Spring forward, fall back no more?
Dozens of countries around the world move their clocks and watches forward by one hour in mid or late March, reversing a change made six months before, in late October or early November.
Not everyone loves daylight savings time — particularly when clocks go forward in March and 60 minutes of sleep are suddenly lost.
Some studies have even suggested it results in an increased number of heart attacks, traffic accidents, workplace injuries and crime.
About 60 per cent of countries do not change their clocks. More than 70 observe the practice, but many are now considering scrapping it.
So why have some countries stopped it? And why do so many do it in the first place?
Why have daylight savings time?
The idea of moving the clock forward one hour from standard time is to give people more daylight during summer evenings and more light during winter mornings when clocks go back.
It is said that many countries adopted the practice during the First World War as a way to conserve coal.
In 1916, Germany became the first country to begin the practice, with the US and much of Europe soon following.
When does it start and end?
In the UK and mainland Europe, daylight savings time for 2023 will begin at 1am on Sunday, March 26, and end at 2am on Sunday, October 29.
In the US and Canada, the change was made on Sunday March 12 and the clocks will go back again on Sunday November 5.
The Middle East countries that follow the practice have various start dates in February and March and switch back in September or October, although Lebanon made a surprise decision to postpone the start of daylight savings time this year to April 20.
Which countries have abolished the changes?
Dozens of countries abolished the practice after observing it for many years, including Egypt, Sudan, Syria, Iran, Iraq, Turkey, Armenia, Azerbaijan, Argentina, Brazil and Russia. However, Egypt decided this month to restore daylight savings time after nearly a decade.
Clocks in Saudi Arabia, the UAE, Bahrain, Kuwait, Oman, Qatar and Yemen are also not changed, along with India, China and Japan.
These countries will now be joined by Jordan after authorities scrapped the measure late last year.
Summertime, or daylight savings time, will now be “all year”, an official statement said, meaning Jordan will now remain at GMT+3.
Which countries could get rid of it?
In the US, the Sunshine Protection Act has been proposed to make daylight savings time permanent, removing the need to change clocks twice a year.

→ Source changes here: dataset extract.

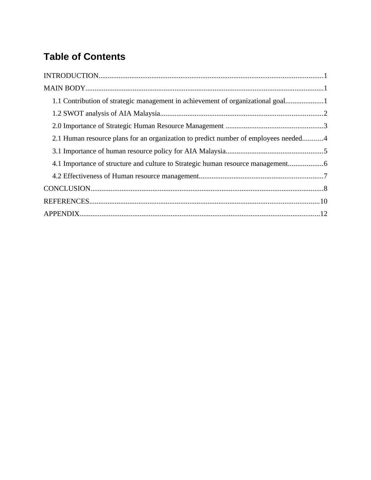 This report provides a comprehensive analysis of Strategic Human Resource Management (SHRM) at AIA Malaysia. It begins with an introduction to SHRM and its importance in achieving organizational goals, focusing on attracting, retaining, and developing employees. The main body includes a SWOT analysis of AIA Malaysia, evaluating its strengths, weaknesses, opportunities, and threats within a dynamic business environment. The report emphasizes the importance of SHRM in aligning business planning with strategic goals, retaining talent, and gaining competitive intelligence. It also explores human resource planning, including forecasting employee needs and the impact of technology, along with the significance of human resource policies in guiding employee practices and mitigating risks. The report discusses how HR policies affect employee satisfaction, motivation, and retention, supporting AIA Malaysia's strategic direction. The report also covers the contribution of strategic management in the achievement of organizational goals, importance of human resource policy for AIA Malaysia, and the importance of structure and culture to strategic human resource management. It provides a detailed overview of SHRM principles and their application in a real-world context, offering valuable insights into effective human resource management strategies within the insurance industry.

The bill was passed unanimously by the Senate on March 15 last year, but was never brought up for a vote in the House of Representatives. Senator Marco Rubio has reintroduced the bill in the Senate and House this year.
Several US states have attempted to end daylight savings, although few have actually done so.
A 2022 bill to exempt Virginia said the “overwhelming conclusion” of researchers is that it “directly results” in an increase in heart attacks, traffic accidents, workplace injuries, pedestrian deaths and crime, as well as sleep disruption and a loss of productivity.
It said research has also found a link to seasonal affective disorder, strokes and cardiac arrest.
A Time Amendment Act is also picking up steam in Canada to make daylight savings time permanent.
The European Union, too, wants to get rid of daylight savings time.
In March 2019, the European Parliament voted to dispense entirely with biannual clock changes.
The change was supposed to be enacted following agreement from the European Council — but the body asked the European Commission, the EU’s executive arm, to conduct an impact assessment first, Bloomberg reported. The issue remains in deadlock.
The UK has no plans to give up what it calls British Summer Time, despite a YouGov poll finding that those opposed outnumber those in favour by 40 to 33 per cent.